Royal condemns the “boorishness” of Macron’s team, recounting how, on the eve of his December 2017 “One Planet Summit”, the Élysée rang to disinvite her to the official lunch the following day. “Not even Sarkozy would have stooped to such pettiness,” she writes.

‘Betrayal’

Some of the sharpest stabs are at Hollande, with whom Royal lived for nearly 30 years, and with whom she shares four children. Numerous journalists learned of his "betrayal" and "bigamy" with the Paris Match journalist Valérie Trierweiler before she did. Royal suffered "the violence of adultery" and wishes she had ended the relationship at the beginning rather than at the end of her presidential campaign. "Running a campaign in that situation, hoping every day it would end, was a terrible trial," she writes.
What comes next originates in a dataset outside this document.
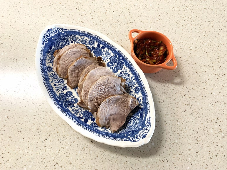 먹음직스럽게 썬 수육을 접시에 보기 좋게 담아냅니다. 곁들여 먹을 양념장으로는 특별히 준비한 부추 양념장을 추천합니다. 이전에 만들었던 바로 그 부추 양념장으로, 순댓국이나 모둠 순대와 함께 먹어도 환상적인 맛을 자랑했죠! 신선한 부추에 고춧가루, 새우젓, 갈치액젓 등을 넣어 감칠맛을 더한 양념장은 오향 수육의 풍미를 한층 끌어올려 줄 것입니다. 취향에 따라 찍어 드시거나, 수육 위에 얹어 함께 즐겨보세요.

After twice competing for the Socialist presidential nomination, Royal and Hollande are again rivals. His book, The Lessons of Power, has sold 100,000 copies since publication eight months ago. Royal's sold 16,000 copies in 10 days, according to her publisher.

“I’m going to return,” Hollande said a week ago. Two opinion polls indicate that Royal is now the most popular figure on the French left. The moribund Socialist party hopes she will lead their list in next May’s European parliamentary elections, but Royal is playing hard to get. She may prefer to stand as an independent environmentalist.